The authors were not making any claims of the LXX over the Hebrew text, but were just calculating a chronology from the text currently available to them. But note that both accepted Genesis 5 and 11 as strict chronogenealogies, with no missing names or time.
It would appear that eschatological excitement was the main reason for finally adopting Bede’s approach, which postponed the inevitable millennium from AD 500 to 2000. Well, that excitement has come and gone again as that cycle likewise ended in disappointment, yet through it all, the Eastern Church has held fast to the 5500 BC creation date, as it has been transmitted for at least 2000 years in their own copies of the Old Testament.

In their Greek translation of a Hebrew text, a translation that shows systematic evidence of time inflation.

I say it’s time to stop pretending that the Church has always been agreed on something tied to strongly to idiosyncratic eschatological doctrine, and take a fresh look at evidence that has been suppressed for half a millennium,

Our chronology has nothing to do with eschatology, but with protology.
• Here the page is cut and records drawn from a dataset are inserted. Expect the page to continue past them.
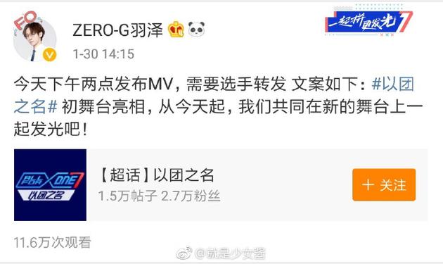 他发道:“今天下午两点发布MV,需要选手转发 文案如下:以团之名初舞台亮相,从今天起,我们共同在新的舞台上一起发光吧!”随后,他编辑修改了文案,并留言解释道:“不是故意的,手滑!”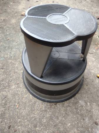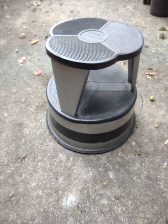 Solid, safe and functional step stool. Has retractable wheels to make it easy to push around your office, kitchen, library etc. Excellent condition.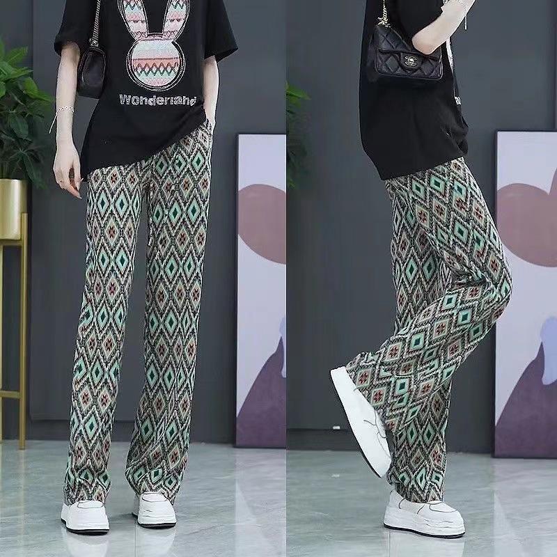 ロング丈パンツ ワイドパンツ チェック柄 パンツ ズボン ウエストゴム入り レディース ボトムス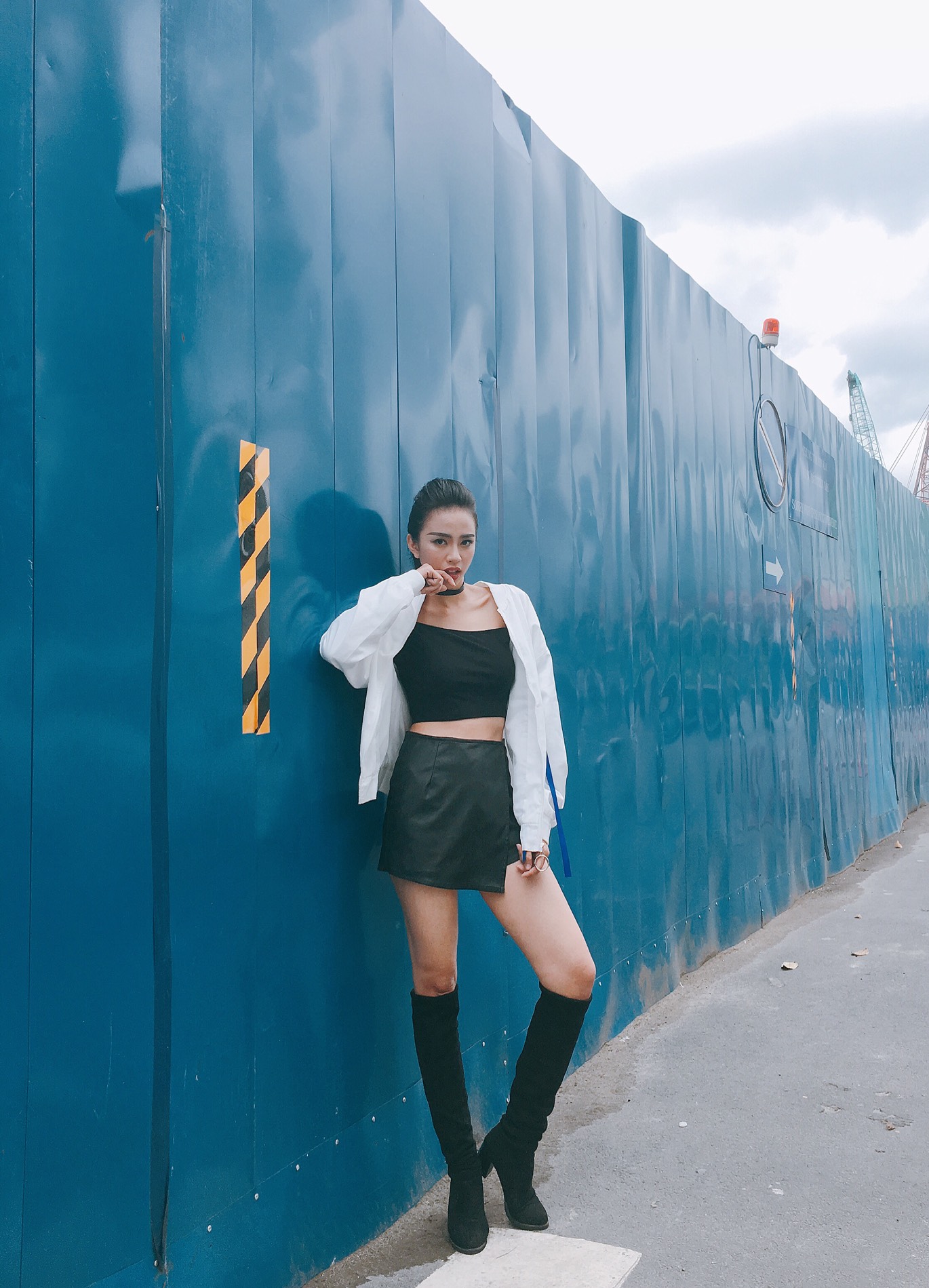 Và đôi boots da cao tới đầu gối là phần cuối cùng tạo nên một tổng thể hoàn hảo. Chẳng cần khoa trương đồ hiệu hay diêm dúa họa tiết, cứ đơn giản mà hiệu quả như Thiên Nga là được đúng không nào?

For CMI’s (non-)position on this doctrine, see End-times and Early-times.

since the canonization of the Christ-denying Hebrew chronology by the Reformers.

Christ-denying? It’s hard to take you seriously when you make nonsensical attacks like that.

I have written an journal essay giving my opinion as to how the present wide divergence of biblical chronology emerged, using the principles of textual criticism to identify the Masoretic scheme as a late recension. It’s not been accepted for peer review until I adequately demonstrate that I have interacted with everything previously published on the subject, which task I am presently working through.

This is important. So far, you have not dealt with the ample published creationist work defending the ‘Masoretic scheme’.

Some of it is pretty nutty, despite having been written by Ph.D’s.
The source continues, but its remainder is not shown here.